[Assigned task]
I'd like every entry returned exactly as it is, with the images left out.

[Data in this exercise]
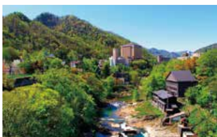
Sapporo's "annex" Jozankei Hot Spring District
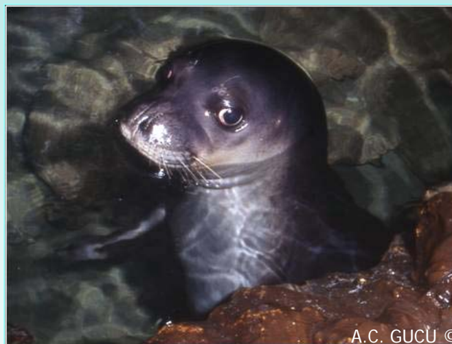
A.C. GUCU ©
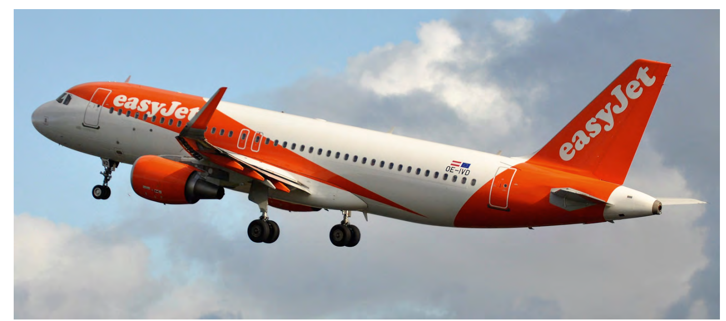
This Airbus A320 was delivered to easyjet in 2016 as G-EZPL. easyJet is one of the airlines taking precautions for when the United Kingdom will exit the European Union. easyJet Europe was established on 18 July 2017 and started operations on 20 July 2017. Its headquarter is located in Vienna, Austria. In November 2017 this Airbus took up registration OE-IVD. (Amsterdam-Schiphol, 2 February 2018, Frank Doornbos)
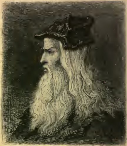
Scult. Flaminio Leonardo da Vinci
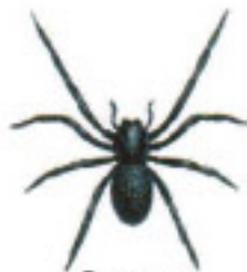
Common Black House Spider

Found in rock walls, tree trunks and crevices s.a. window frames, guttering, webs untidy with funnel like entrance
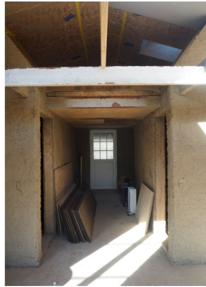
The end of the house and the front door to the barracks, where the neighbor family is building their home. Here an distribution corridor will be built and possibly technical room.
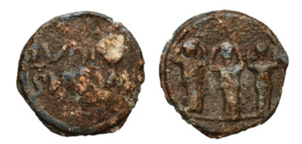
Figure 3.27 Pb token, 19 mm, 12 h, 4,15 g. L VOLV|SI PRIMI ( L. Volusi Primi ) / Three women standing frontally with arms raised. TURS 1345, Rostovtzeff and Prou, 1900: no. 430f1.

But the image is also unlikely to be a representation of the cult statue of Diana Nemorensis. The same image, of three women standing frontally, each with their hands raised, is also found on a variety of other tokens, many without connection to Nemi (e.g. Figure 3.27). This image is variously labelled as 'Hecate' or the 'Three Graces' in Rostovtzeff's catalogue, although the image is the same. Hecate is also an unsatisfactory interpretation of the image, since Hecate is normally shown via three female figures standing back-to-back as 'Hecate triformis ', even on coinage and on tokens.<sup>200</sup> Moreover, lead tokens also carry the image of two women standing frontally with their arms raised, which Rostovtzeff suggested was a representation of two aurae (winds).<sup>201</sup> What is a more likely interpretation of all these representations is that they show women with their hands open and arms
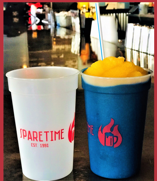
SPARETIME SLUSHIES IN SOUVENIR CUP

Consuming raw or under-cooked meats, poultry, seafood or eggs may increase the risk of food-borne illness
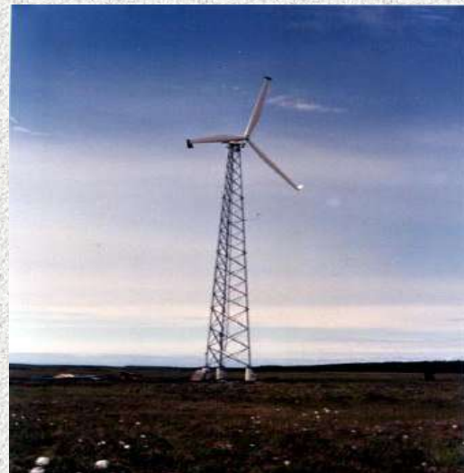
Atlantic Orient Corporation 50-kW wind turbine provides power to the Alaska Kotzebue Project.
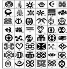
Figure 4. Yoruba traditional symbols

Abodunrin JA (2019). Indigenous forms and materials in Nigerian painting. J Art Arch Stud , 8 (1): 07-12.
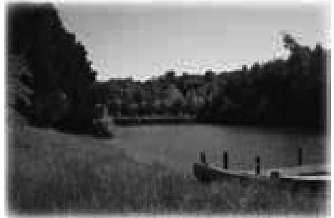
The Dillon family has a small pond and cabin on their Henry County land.

houses can be built there. Western Virginia Land Trust staff met with Hiram Dillon in early 2009 and put him in touch with VOF to draw up and hold their easement.
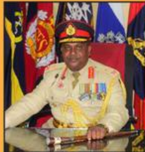
Major General M W T C Mettananda USP ndc assumed the duties as Colonel Commandant, Sri Lanka Army General Service Corps on 01 September 2022 (Also, assumed the duties as Commander, Forward Maintenance Area (East), on 22 September 2022
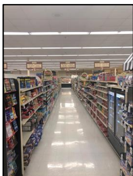
Isle Lights - After Retrofit
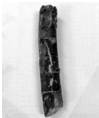
Figure 1. Dieffenbachia plant stem

Dieffenbachia is a very commonly used decorative plant which has proven to be very dangerous if ingested due to progressive swelling of tongue and adjacent tissues interfering with the airway, causing respiratory distress. Dieffenbachia causes severe local injury to the tissues due to the insoluble calcium oxalate crystals present in the plant juice. There are reports of airway compromise due to accidental ingestion. 4 Due to the nature of the presentation, exposure can easily be
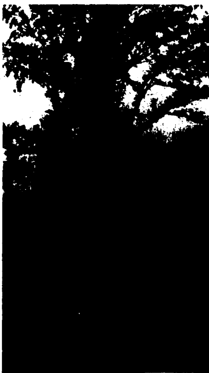
Scenic Lower Huron Metropark draws picnickers from the Belleville area.
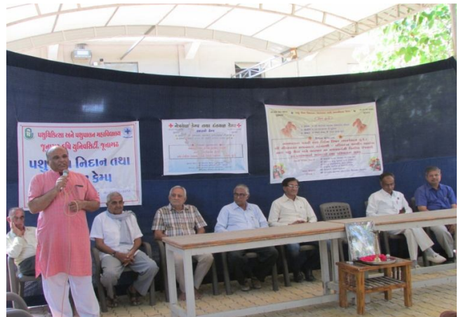
Innauguration of camp at Shree Bhanvad Mahajan Panjarapol Gaushala

[Written solution]
Sapporo's "annex" Jozankei Hot Spring District
A.C. GUCU ©
This Airbus A320 was delivered to easyjet in 2016 as G-EZPL. easyJet is one of the airlines taking precautions for when the United Kingdom will exit the European Union. easyJet Europe was established on 18 July 2017 and started operations on 20 July 2017. Its headquarter is located in Vienna, Austria. In November 2017 this Airbus took up registration OE-IVD. (Amsterdam-Schiphol, 2 February 2018, Frank Doornbos)
Scult. Flaminio Leonardo da Vinci
Common Black House Spider

Found in rock walls, tree trunks and crevices s.a. window frames, guttering, webs untidy with funnel like entrance
The end of the house and the front door to the barracks, where the neighbor family is building their home. Here an distribution corridor will be built and possibly technical room.
Figure 3.27 Pb token, 19 mm, 12 h, 4,15 g. L VOLV|SI PRIMI ( L. Volusi Primi ) / Three women standing frontally with arms raised. TURS 1345, Rostovtzeff and Prou, 1900: no. 430f1.

But the image is also unlikely to be a representation of the cult statue of Diana Nemorensis. The same image, of three women standing frontally, each with their hands raised, is also found on a variety of other tokens, many without connection to Nemi (e.g. Figure 3.27). This image is variously labelled as 'Hecate' or the 'Three Graces' in Rostovtzeff's catalogue, although the image is the same. Hecate is also an unsatisfactory interpretation of the image, since Hecate is normally shown via three female figures standing back-to-back as 'Hecate triformis ', even on coinage and on tokens.<sup>200</sup> Moreover, lead tokens also carry the image of two women standing frontally with their arms raised, which Rostovtzeff suggested was a representation of two aurae (winds).<sup>201</sup> What is a more likely interpretation of all these representations is that they show women with their hands open and arms
SPARETIME SLUSHIES IN SOUVENIR CUP

Consuming raw or under-cooked meats, poultry, seafood or eggs may increase the risk of food-borne illness
Atlantic Orient Corporation 50-kW wind turbine provides power to the Alaska Kotzebue Project.
Figure 4. Yoruba traditional symbols

Abodunrin JA (2019). Indigenous forms and materials in Nigerian painting. J Art Arch Stud , 8 (1): 07-12.
The Dillon family has a small pond and cabin on their Henry County land.

houses can be built there. Western Virginia Land Trust staff met with Hiram Dillon in early 2009 and put him in touch with VOF to draw up and hold their easement.
Major General M W T C Mettananda USP ndc assumed the duties as Colonel Commandant, Sri Lanka Army General Service Corps on 01 September 2022 (Also, assumed the duties as Commander, Forward Maintenance Area (East), on 22 September 2022
Isle Lights - After Retrofit
Figure 1. Dieffenbachia plant stem

Dieffenbachia is a very commonly used decorative plant which has proven to be very dangerous if ingested due to progressive swelling of tongue and adjacent tissues interfering with the airway, causing respiratory distress. Dieffenbachia causes severe local injury to the tissues due to the insoluble calcium oxalate crystals present in the plant juice. There are reports of airway compromise due to accidental ingestion. 4 Due to the nature of the presentation, exposure can easily be
Scenic Lower Huron Metropark draws picnickers from the Belleville area.
Innauguration of camp at Shree Bhanvad Mahajan Panjarapol Gaushala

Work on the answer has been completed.